Ruth Ellis had come all the way from California to see Clinton accept the nomination, but now she was stuck in the corridor outside Section 210. Maybe it's not gonna happen, she thought. Finally, at 9:33 p.m., the usher let Ellis and three friends walk past the curtain and stand in the tunnel that led to the arena.

"WOOOOO!" Ellis said. She was on the upper level, staring far down across the vast arena toward the left corner of the stage. There was Katy Perry, singing about victory, her sequined dress glittering in the spotlights. The fire marshal walked in, clearing the tunnel, sending Ellis and her friends back to the corridor. Two gave up and left the building. And then the fire marshal was gone, and Ellis and another friend went back inside. This time no one stopped them.

"Ladies and gentlemen," Chelsea Clinton said, "my mother, my hero and our next president. Hillary Clinton."

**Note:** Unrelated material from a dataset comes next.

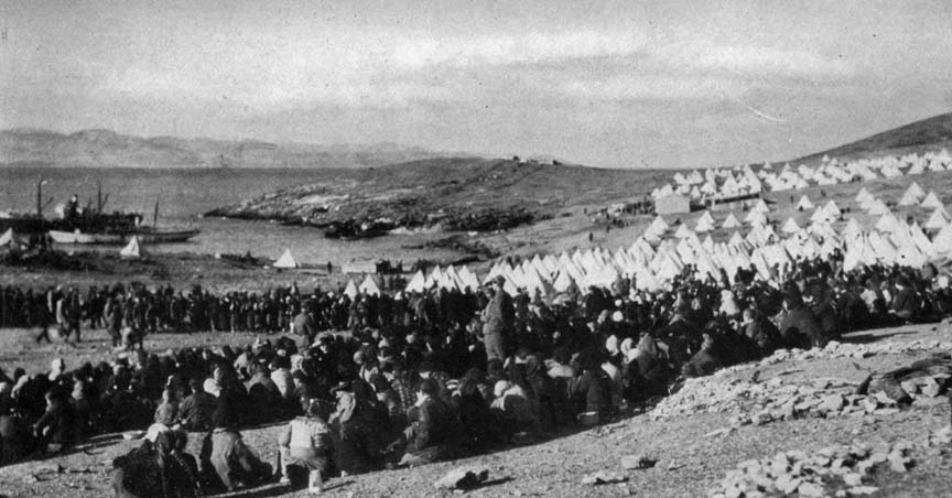THE AMERICAN QUARANTINE STATION ON MACRONISSI ISLAND, GREECE, FEEDING SIX THOUSAND GREEK REFUGEES FROM TREBIZOND, BLACK SEA PORT, WHO HAVE JUST ARRIVED BY STEAMER.

The wall behind the stage pivoted, and Clinton walked out through the opening. She hugged her daughter, waved to the cheering crowd. "Thank you," she kept saying, and "Oh, my gosh." She paced the stage, hand over heart, apparently overwhelmed with gratitude. The standing ovation would last more than three minutes. Kim Frederick had planned to hold it together, but no. Here came the tears. Ruth Ellis turned to her friend and screamed. For a moment she felt as if she were on stage with Clinton, as if they had done this together. Ellis could remember being 7 years old, watching Neil Armstrong's televised walk on the moon. She felt then the way she felt now: overjoyed, filled with awe, proud to be an American.